Why combining datasets creates complete pictures in Data Analysis Python - Performance Analysis
When we combine datasets, we want to see the full story from different pieces of data.
We ask: How does the time to combine data grow as the datasets get bigger?
Analyze the time complexity of the following code snippet.
import pandas as pd
n = 10 # Define n to avoid NameError
# Two datasets with n rows each
left = pd.DataFrame({'key': range(n), 'value_left': range(n)})
right = pd.DataFrame({'key': range(n), 'value_right': range(n)})
# Naive combine datasets on 'key' using nested loops
combined_list = []
for row_l in left.itertuples():
for row_r in right.itertuples():
if row_l.key == row_r.key:
combined_list.append({
'key': row_l.key,
'value_left': row_l.value_left,
'value_right': row_r.value_right
})
combined = pd.DataFrame(combined_list)
This code merges two datasets by matching rows with the same key to create a complete picture.
Identify the loops, recursion, array traversals that repeat.
- Primary operation: Matching keys between two datasets to join rows.
- How many times: Each row in the first dataset is compared to rows in the second dataset to find matches.
As the number of rows (n) grows, the work to find matching keys grows too.
| Input Size (n) | Approx. Operations |
|---|---|
| 10 | About 100 comparisons |
| 100 | About 10,000 comparisons |
| 1000 | About 1,000,000 comparisons |
Pattern observation: The number of operations grows much faster than the input size, roughly like the square of n.
Time Complexity: O(n²)
This means if you double the size of your datasets, the time to combine them roughly quadruples.

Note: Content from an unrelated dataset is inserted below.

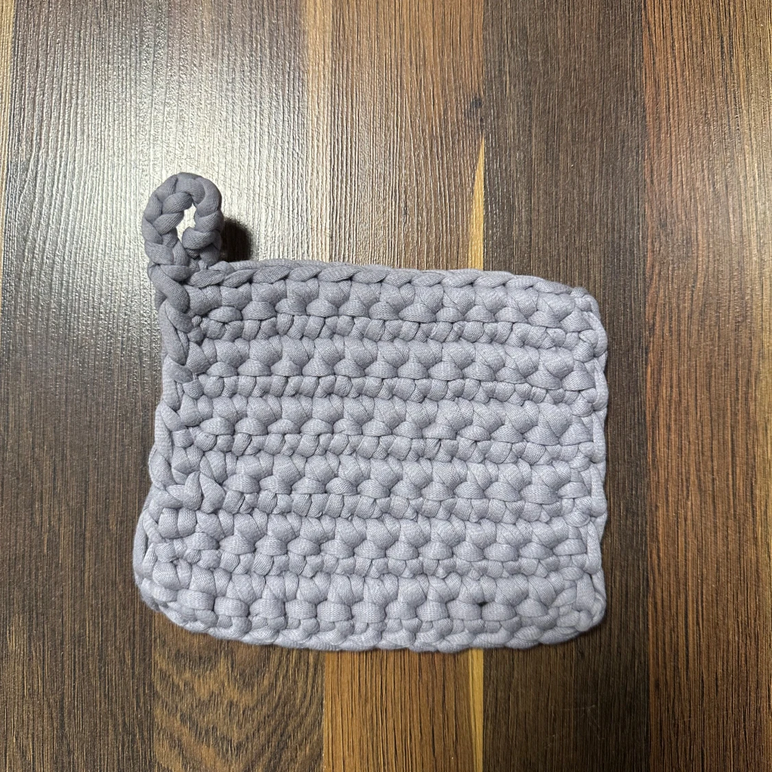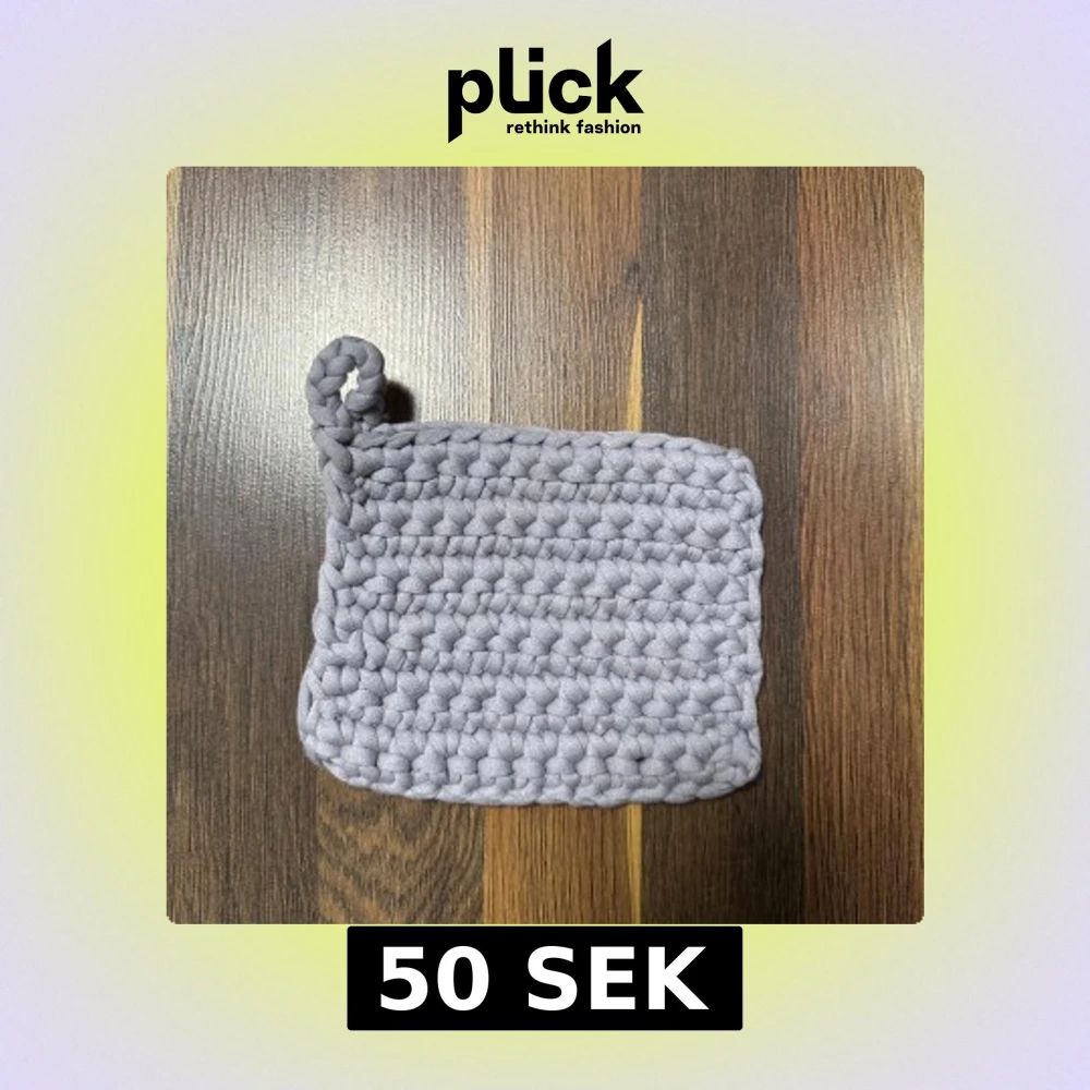 Ingen bok syns på bilden, endast en grå virkad grytlapp visas.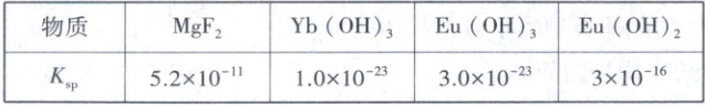 (5)根据已知表格的溶度积常数可知:$K_{sp}[Yb(OH)_{3}]=1.0×10^{-23}$与$K_{sp}[Eu(OH)_{3}]=3.0×10^{-23}$比较接近,而$K_{sp}[Eu(OH)_{2}]=3.0×10^{-16}$大得多,所以不将Eu³⁺还原为Eu²⁺即缺少“还原”步骤,则在浸镱时会出现Yb³⁺和Eu³⁺共沉淀,无法分离的情况。

[X] Wrong: "Combining two datasets always takes time proportional to their size added together."
[OK] Correct: Actually, matching rows often requires checking many pairs, so time grows faster than just adding sizes.
Understanding how combining data grows with size helps you explain your approach clearly and shows you know what happens behind the scenes.
"What if the datasets were already sorted by the key? How would the time complexity change?"